One of the innovations Lewis uses in his fields is planting twin rows that are seven inches apart, next to an open space of 23 inches, and then another set of seven inch rows. Basically, it is the same set up as 30 inch rows, except the twin, seven inch rows spread the bean seeds over a larger area.

“The non-GMO seed is not hard to get,” Lewis said. “Actually non-GMO seed production is increasing. I grow a variety of soybeans that my buyer wants me to grow.”

Lewis said most seed companies handle both non-GMO and GMO seed.

Lewis, who has been invested in farming for 45 years, said one of the major elements in his bean production is the use of cover crops. “Five years ago when it was so wet and we had preventive planting, I used a cover crop,” he said. “I saw a lot better weed control the next year, so that is why I went to cover crops. The cereal rye I use chokes out the weeds.”

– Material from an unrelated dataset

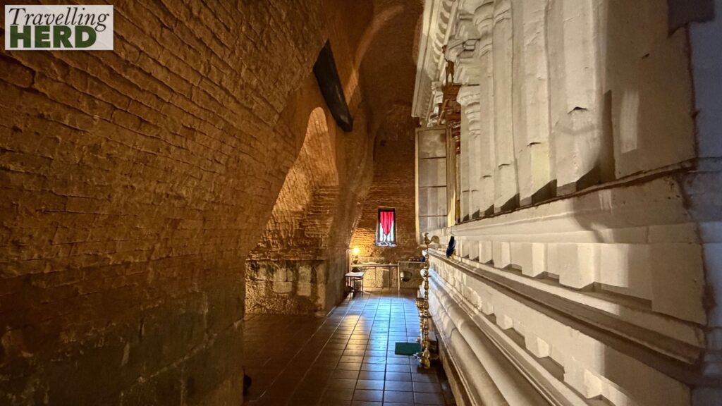 Within the Lankathilaka Temple the white Buddhist temple is surrounded by the brick Hindu temple which has four metre thick walls.

“The cereal rye is drilled in corn stalks after the corn has been harvested. It doesn’t kill out during the winter, but stays green,” Lewis said. “It was more difficult this spring, because it was wet. I really didn’t want the rye to get so tall. It was a challenge for the planter, but it handled it fine. With cover crops, every year is different, it’s what the weather dictates.”

After planting, Lewis sprays a burn down and a pre-emergent herbicide. “I have to use older herbicides on my crops,” he said.

A side income has developed with the use of Lewis’ cover crops. This year, he planted 10.5 acres of cereal rye that will be used for seed in the upcoming year. In 2018, Lewis hopes to increase his production of cereal rye to 40 acres. He not only raises rye for a seed dealer, but he uses the tall grass straw from the combined rye for bedding in his livestock operations.

“My son, Tanner, is a chemical engineer who lives in Charles City, and he helps me accomplish the things we are doing around here,” Lewis said. “His input has helped to transform some of the practices in my farming operation.”

Speaking of his soybean production methods, Lewis said he thinks the practices are environmentally sound and they create a safer source of food grade soybeans. “It is more of a long-term thing,” Lewis said, “You have to be committed to it.”